Proposta do CHEGA aprovada: ‘Acabaram as burcas em Portugal’
PSD, Chega, IL e CDS aprovam em votação final a chamada “lei das burcas”
O projeto que proíbe a ocultação do rosto em espaços públicos foi hoje aprovado em votação final global com os votos favoráveis do PSD, Chega, Iniciativa Liberal e CDS.
A proposta, conhecida como “lei das burcas”, teve origem no Chega e contou com a oposição dos partidos da esquerda parlamentar. A deputada do PAN, Inês de Sousa Real, absteve-se.
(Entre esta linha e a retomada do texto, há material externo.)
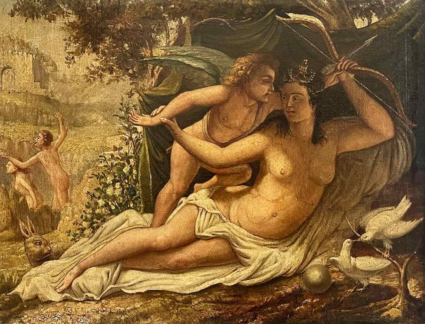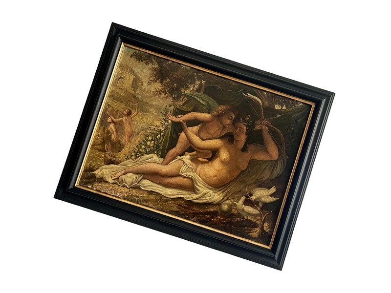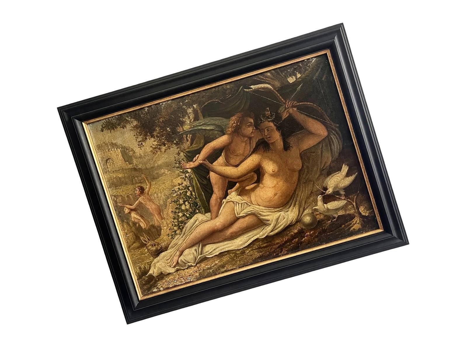 French Painting Of Cupid And Psyche, Oil On Canvas, 1800'S

Após a aprovação do diploma, os deputados do Chega assinalaram o momento com uma prolongada salva de palmas, de pé, no plenário.
O texto já tinha sido aprovado na especialidade, na semana passada, com a mesma maioria, depois de um longo processo de negociação entre o Chega e o PSD. Os sociais-democratas defenderam alterações para afastar a dimensão religiosa do diploma e reforçar a segurança e a ordem pública como fundamento da proibição.
O projeto tinha sido aprovado na generalidade em outubro de 2025, mas permaneceu cerca de oito meses sem avançar para a votação na especialidade. Em junho, o PSD chegou a apresentar um projeto de substituição, procurando reduzir o foco nas burcas islâmicas e sublinhar as razões de segurança.
O Chega acabou por apresentar uma nova versão do texto na véspera da votação na especialidade, aproximando-se das posições defendidas pelos sociais-democratas.
Entre as alterações introduzidas está a mudança do título e do enquadramento do diploma. A proposta passa a referir a proibição da ocultação do rosto em espaços públicos “por razões de segurança e de ordem pública”.
O texto prevê ainda sanções para situações de ocultação forçada do rosto. Na versão inicial, o Chega defendia a aplicação do crime de coação, com pena de prisão até três anos. A proposta acabou por evoluir para um regime de contraordenação, com coimas entre 150 e 750 euros em caso de negligência e entre 400 e três mil euros quando exista dolo.
A aprovação do diploma surge depois de uma negociação parlamentar marcada pela preocupação do PSD em evitar eventuais problemas de constitucionalidade, nomeadamente relacionados com a liberdade religiosa.